Note that if you can just toss any initiative mechanics completely out of the game, and go around the table really fast, this will be less of an issue.  But I'd argue that's not really cyclic in the way people normally mean, as the characters are having no effect on who goes when.

Thinking back, I think some of the particulars about the system and methods helped a lot with keeping things moving in the games I ran.  We were playing 1e and 2E with some house rules, and timing mattered a lot with spells taking a certain number of segments to cast and interruption results varying depending on when you got hit.  We did a count up system with weapon speed and separate iterative attacks, so everyone had to pay attention to know when it was their turn.  And I move pretty fast, I'd say about halfway between normal speech an an auctioneer.  If you missed your turn, you got to go when you realized you were missed, no retcon, and if you somehow didn't speak up through the whole round, you're SOL.  Anyway, everyone typically stayed engaged, a typical action was about 5 sec real time, and it was fun.  I can believe that switching from individual initiative will speed things up, but it loses a lot of other things.  I think I'd sooner give up my battlemats.

Pen

#32
Hi all,

Thought I'd give you a report of what happened.

I settled on Heroic Fantasy a (black hack derivative).  I bought the one-shot A Most Potent Brew, which a pretty straight forward and railroad type adventure. If you have read it, I changed the ale house to a cider house. I made up 7 pre gen characters because some people already told me that wanted to create a character.  Since some kids were coming, printed out a map of the adventure, cut into segments so I could lay them out as they encountered each room. I used minis just to keep track of everyone. I used props like doors and such from Heroquest.

Eight people showed up; four of them were 13 year olds, only two of them had played a rpg before.

All but two of them ended up wanting to make their characters. I went with it and let them do it. I already had blank sheets printed out at the table just in case. In order to explain the classes, I had a picture for each one that demonstrated what they did (example: the rogue was hiding in the shadows waiting for a monster to strike).
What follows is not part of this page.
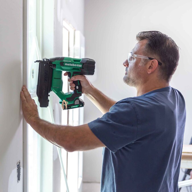 The Pro Preferred Brand of Pneumatic Nailers introduces the 18V Brushless Compact Cordless 18 Gauge Brad Nailer (model NT1850DFT) that is 30% more compact and 31% lighter than the previous model. Now, with a 2.0Ah battery with fuel gauge, it delivers a driving speed of up to 2 nails per second, saving valuable time and increasing productivity. It is ideal for molding installation, cabinet assembly, wainscoting, chair rail, window and door casings, and decorative trim. Forget the hassle of having to drag long hoses or compressors around, or having to deal with gas cartridges, and GO cordless. This 18 Gauge Brad Nailer delivers a similar feel to a pneumatic nailer thanks to Metabo HPT’s unique Air Spring Drive System. Combine the pneumatic-like feel with the convenience and power of the 18V or MultiVolt battery, and this cordless Brad Nailer works all day long, driving 5/8-to-2-inch nails. Get 1300 nails per charge with the included 2.0Ah compact battery. It features tool-less depth of drive, bright LED light, side lock safety switch, integrated belt hook, and selective actuation between sequential and bump fire nailing. Backed by Metabo HPT’s Lifetime Lithium-Ion tool body warranty, it’s a safe bet for the long haul. The 18V 18 Gauge Cordless Brad Nailer is a part of the expanding MultiVolt System of 18-Volt and 36-Volt power tools from Metabo HPT. GO lighter with 18V batteries or GO longer with the unique MultiVolt battery that works on both 18V and 36V tools to double your runtime for up to 8.0Ah of run time per charge for more power on the GO.

The barbarian was a picture of a raging Viking warrior. I explained the classes but the pictures really helped.

It took a bit for them to get into making their decisions and strategies but eventually they did. I dropped the torch usage die and some other things that was too much for them at the time. I let them do the big things like looking for traps, solving puzzles, fighting, listening and so forth.

They seemed to enjoy (I think). Honestly, it was hard for me to know because I was in the thick of making sure who wanted to go next and want they wanted to do.  It was exhausting for me. They did ask if I wanted to schedule the next session. I said that we should figure out who wants to keep playing and then go from there.

Initiative wise, if they failed their DEX roll, they went after the monsters. It will still a burden to keep them knowing if they were in group A or B.

Overall, I think it went well. It wasn't overly fun for me though. It was a lot of work. Maybe the more accustomed to the rules they get, the easier it would be. I cannot imagine how hard it would be to DM 5e to a new group like that.